O-254 - DIAGNÓSTICO DE FUGA ANASTOMÓTICA TARDÍA DURANTE EL SEGUIMIENTO TRAS RESECCIÓN ANTERIOR DE RECTO. NUESTRA EXPERIENCIA
Hospital Clínico San Carlos, Madrid.
Introducción: La incidencia de la fuga anastomótica varía entre 2 y 24%. En la literatura se describen habitualmente las fugas presentadas durante el ingreso o durante los primeros 30 días. Las fugas más tardías son mencionadas escasamente.
Objetivos: Identificar fuga anastomótica tardía (> 30 días) tras resección anterior de recto, sintomatología, terapéutica llevada a cabo y posibles factores de riesgo.
Métodos: Se realizó análisis retrospectivo de los pacientes intervenidos por cáncer del recto en nuestro centro desde enero de 2014 a diciembre de 2017. La fuga tardía se consideró el defecto en la zona de la anastomosis, colección con burbujas de aire o absceso perianastomótico diagnosticado clínicamente, por pruebas de imagen o mediante endoscopia pasados 30 días tras la cirugía. Los criterios de inclusión en la muestra fueron tumor por debajo de la reflexión peritoneal, anastomosis primaria con o sin ileostomía y seguimiento mayor a 24 meses. Los tumores de recto alto no han sido incluidos en la muestra a estudio.

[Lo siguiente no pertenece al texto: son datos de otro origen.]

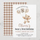Celebrate your little one's milestone with our Beary First Birthday Invitation! This adorable invite features a sweet teddy bear floating with pastel balloons, creating a whimsical and charming theme for your baby’s special day. With soft, cozy colours and playful details, it's perfect for a cuddly and memorable first birthday celebration. Personalize it with your child's name and party details to invite family and friends to a bear-y sweet celebration filled with love, laughter, and teddy bear hugs!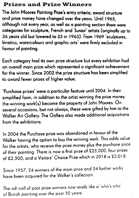 The John Moores Painting Prize entry criteria, award structure and prize money has changed over the years. Until 1965, although not every year, as well as a painting section there were categories for sculpture, French and junior artists. From 1969, sculptures, kinetics, watercolours and graphic arts were firmly excluded in favour of painting.

Resultados: Se incluyeron en el estudio 85 pacientes, 44 mujeres y 38 hombres, con edad media de 72,7 años. Al 4,7% de la muestra se le realizó una resección anterior de recto, en el 70,6% está resección anterior fue baja y en el 24,7% fue ultrabaja debido a la altura del tumor, cuya media de altura en la muestra total medida con respecto al margen anal fue de 7,7 cm. El 47,0% de los pacientes eran ASA II, el 32,9% ASA III. El 43,5% de los procedimientos fueron realizados mediante abordaje laparoscópico, realizando una anastomosis T-T mecánica en la mayoría de los casos. En el 81,1% (69 pacientes) se llevo a cabo ileostomía de protección. Debido al estadio tumoral, el 55,3% de los pacientes incluidos a estudio había recibido neoadyuvancia con quimiorradioterapia. La fuga anastomótica tardía sintomática se diagnosticó a 8 pacientes, lo que supone un 9,4% de los pacientes a estudio. De ellos 7 tenían ileostomía de protección. El diagnóstico de la fuga fue radiológico en el 75,0%, con presencia de burbujas o colección a nivel perianastomótico. El 37,5% de los pacientes con diagnóstico fuga tardía se encontraban sintomáticos y 2 de ellos precisaron tratamiento quirúrgico ulterior mediante colostomía terminal. Ni la presencia de comorbilidades, a excepción de la hipertensión arterial, ni la cirugía abdominal previa se han relacionado con la incidencia de fuga tardía. No se encontraron diferencias significativas entre el tipo de abordaje y la altura de la resección de recto, a pesar de que existe cierta tendencia en pacientes con resecciones ultrabajas y neoadyuvancia previa.
Conclusiones: La fuga anastomótica tardía no se debe considerar una entidad poco frecuente. A pesar de que su diagnóstico en la mayoría de los casos es radiológico puede producir consecuencias importantes para los pacientes por lo que cobra importancia su diagnóstico y tratamiento en los casos sintomáticos. La realización de ileostomía de protección no evita la aparición de fuga tardía, aunque previene de consecuencias agudas relacionadas con la dehiscencia.